Render a semi-transparent surface for the ligand.

  1. Select -> Residue -> RET

  2. Actions -> Surface -> show

  3. Actions -> Color -> all options; surfaces; gray

  4. Actions -> Surface -> transparency -> 50%

Save the image in a file

  1. Actions -> Color -> all options; background; white

  2. File -> Save Image -> adjust Image width to 1024 pixels

  3. File name -> rhodopsin.png

  4. Save

Two additional points. You can see that the repetive use of menus gets tiresome. As you use chimera more, you will get faster if you learn the commands listed on the quick reference sheet, and type them into the commandline.

Secondly, writing and modifying scripts can be very useful for creating figures. The script can also be customized by editing it as a text file. This is a very powerful method for accelerating your visualization work, so an example script has been provided here for you to experiment with and customize.

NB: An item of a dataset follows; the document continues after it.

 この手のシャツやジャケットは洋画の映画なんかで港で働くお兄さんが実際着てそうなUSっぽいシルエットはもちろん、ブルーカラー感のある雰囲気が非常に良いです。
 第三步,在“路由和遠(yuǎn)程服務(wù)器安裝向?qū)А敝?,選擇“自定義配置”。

~/rosetta_workshop/tutorials/day02/sample_files/startup.cmd

Copy it to your home directory. Load a new structure and run the script. (Run scripts by opening them with File -> Open) View it in a text editor. Try making changes to suit your protein of interest.


Section C: Create a clear visualization of a DNA-ligand complex (1L9H)

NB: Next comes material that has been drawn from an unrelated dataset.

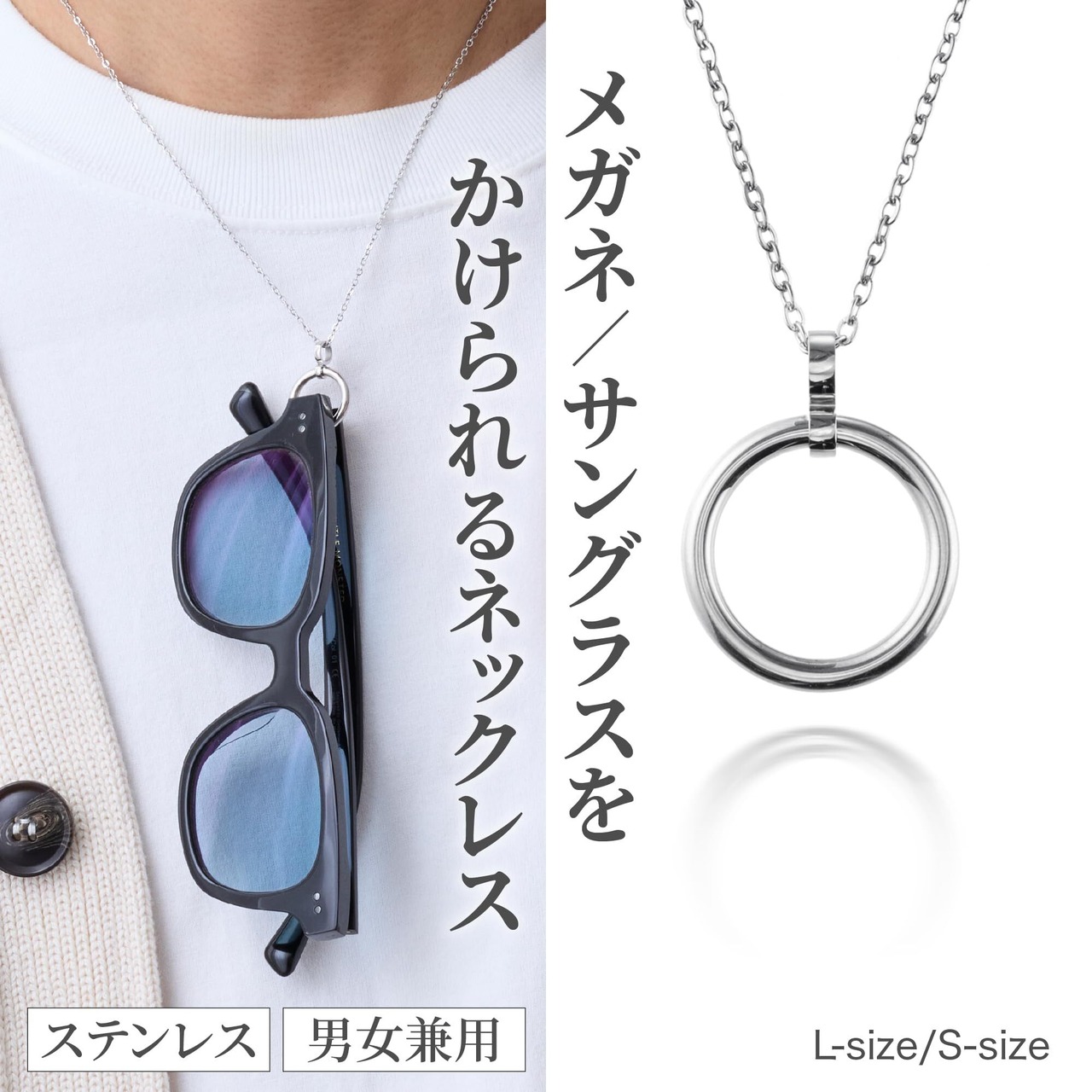【Puente】リングネックレス サングラスホルダー メガネホルダー メンズ レディース リング サングラス メガネ ステンレス シルバー ゴールド 45cm ~ 50cm

Duplicate the DNA-duocarmycin representation you already made with pymol. If you can, try to do it without reading the steps below. Then read through them to find any things you might have missed.

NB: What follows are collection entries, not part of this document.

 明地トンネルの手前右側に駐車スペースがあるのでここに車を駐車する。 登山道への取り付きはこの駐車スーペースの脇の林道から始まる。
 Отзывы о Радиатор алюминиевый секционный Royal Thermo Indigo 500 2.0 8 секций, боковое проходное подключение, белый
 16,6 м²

  1.  File -> Fetch by ID -> 1DSM

  2.   command> select

  3.   command> ~select #0.1

    (That line begins with a "tilde" character)

  4.   command> delete sel

  5.  Tools -> Depiction -> Rainbow (Change color every chain; apply)

  6.  Actions -> Atoms/Bonds -> nucleotide objects -> off

  7.  select (Ctrl-click) the covalent bond between Adenosine 5 and the DSA

  8.  Actions -> Atoms/Bonds -> delete (so that the surfacing command can be limited)

  9.  Select -> Residue -> DSA

  10.  Actions -> Color -> by heteroatom

  11.  Actions -> Surface -> show

  12.  Actions -> Surface -> transparency -> 80%

  13.  Favorites -> Model Panel -> double-click on MSMS surface to see attributes, set vertex density=10

  14.  Select -> Chemistry -> Element -> H

  15.  Actions -> Atoms/Bonds -> hide

  16.  Tools -> Depictions -> Nucleotides (start with defaults. Vary the options according to taste.)

  17. Save a .png image in your working directory. Save the session for later.